Thursday, August 05, 2010

New fruit plants, new projects for the coming winter, crop updates and some piccies! 5th August 2010

So, 2nd day off and it dawns with the rain lashing down, doesnt bode well for being able to do the bee inspections or get much done on the plot, however, as they have to be done, then needs must!

We started the day with a trip to Aldi to take advantage of thier soft fruit offers, got there at 855am, to find a queue of 5 people in front of us (and another 15 joined behind us before the doors opened), yet when the doors opened no-one moved, so we went in first and got first choice of the fruit plantlets!

2 clematis, the fig, tayberry and 2 goosegogs, need to do some work on the plot before we'll be ready to plant these out!
5 Gojiberry, 2 kiwi, 2 red gooseberries, a tayberry and a fig all found their way into our trolley (3 of the goji were for other folks from the allotment), along with 2 lovely 4' clematis (£4.99 each), so the plot spend went up by £26 in a short space of time, but we got some lovely soft fruits for the plot!

On arriving at the plot (when fortunately the rain had ceased, although it threatened to return until about mid afternoon when we sat down for lunch) we had a chat about where everything was going, and what we were planning on doing with a few areas of the plot over the winter, some of which were inspired by our new fruit purchases! When Pat, Colin and Sarah arrived we started to do the weekly bee inspections (no major problems), then sat down for a late 'al fresco' lunch!

Its become a bit of a tradition between us all to have a late lunch on the plots when we do the bees, generally we take it in turns to buy it, today was a whole roast chicken, with large barm cakes, fresh cucumber, tomato and lettuce (from the plot), pickled onions, pork pie, a mug of tea each (earl grey for me) and followed by scones, cream and home made jam!

Before now we've had melon for starters, followed by roast pork sandwiches, or even freshly cooked BLT, and ended with cakes ranging from the gorgeous 'bogey green dome cake' (aka festival gateaux from Morrisons), through scones and clotted cream, through doughnuts to the fantastic Coop caramel/coffee buns!

After lunch (and despite the protests from Lee that he now wanted to go to sleep) we started to plant up the new soft fruits, or as many of them as we were able to (without having done the projects that we need to complete in order to plant the rest of them out!)

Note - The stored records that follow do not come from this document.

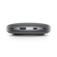 Dazu bietet der Hub zwei USB-A-Ports mit Geschwindigkeiten von bis zu 10 Gbit/s sowie einen HDMI-Anschluss, der einen 4K-Monitor mit bis zu 60 Hz betreiben kann. SD-Kartenleser oder ein Ethernet-Anschluss fehlen allerdings im Gegensatz zu den meisten Konkurrenzprodukten. Der Hub bringt zwei Mikrofone mit, über Buttons an der Oberseite lässt sich die Lautstärke regeln, ein Anruf annehmen oder beenden oder die Mikrofone stummschalten.
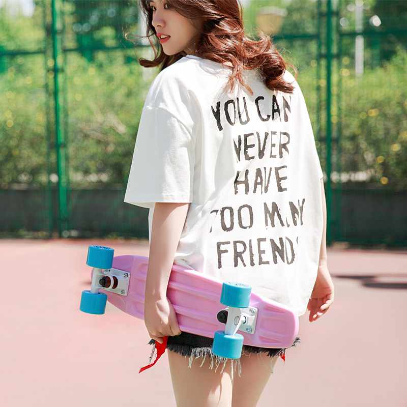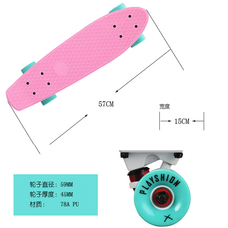 Peschamps Skateboard Small Fish Board Four Wheels Skateboard Adults Teenagers Skateboard Banana Board Four Wheels Road Boards
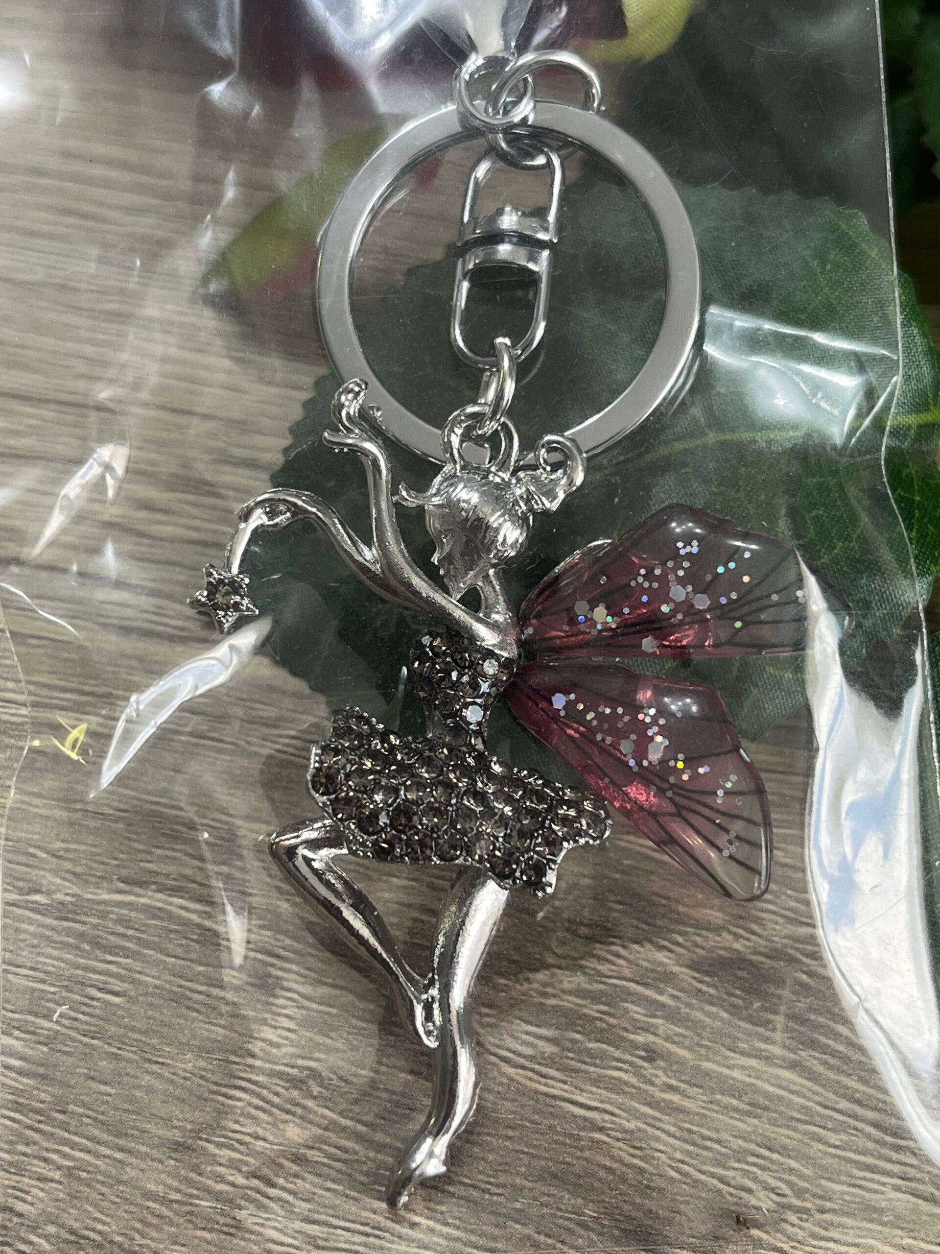 Porte-clés avec une jolie fée ornée de rose et argent.

 The 2 Goji berries got planted into the center of the 2 front beds on plot 1, about 2/3rds of the way back (to leave some room for a flower border), they arent massive (probably take us a few years to get much of a crop, if anything) at about 8" high, but they both look healthy enough!

 The second one, in the flower bed at the front of plot 1, lets hope they survive and grow on quickly enough to make a decent sized display next year!

The 2 kiwis were planted into sunken (bottomless) pots on the outside of apiary 2 (on plot 1), 1 near the entrance door, and the other........

............ around the corner, inbetween the 2 surviving loganberries (to the left of the jasmine in the pot at the corner), I know the kiwis can be vigorous, but being only 8" tall, its probable that it will be a few years yet before we ever get any fruit from them (if we ever do), but without trying them we'll never know, so its worth a go!

We bought the clematis to climb up something that is going to be one of our next projects, our grapevine has come on really well over the past 2 years since we took over this plot, so much so that its not able to be supported by the front of the shed and ends up falling forwards as you can see from this piccy. I've been toying with an idea of building an extension to the front of the shed, kind of like an arbour, to trail the grapevine over the top, not only neatening it up and giving it some proper support (plus allowing the fruit to hang more freely, giving better circulation of air around them), but also to make a pleasantly shaded area for us to sit under when the weather is at its hotest! (In front of the shed is a lovely sheltered spot, but when its sunny its a definite sun trap and gets exceptionally hot, so a shaded place to sit would be lovely!)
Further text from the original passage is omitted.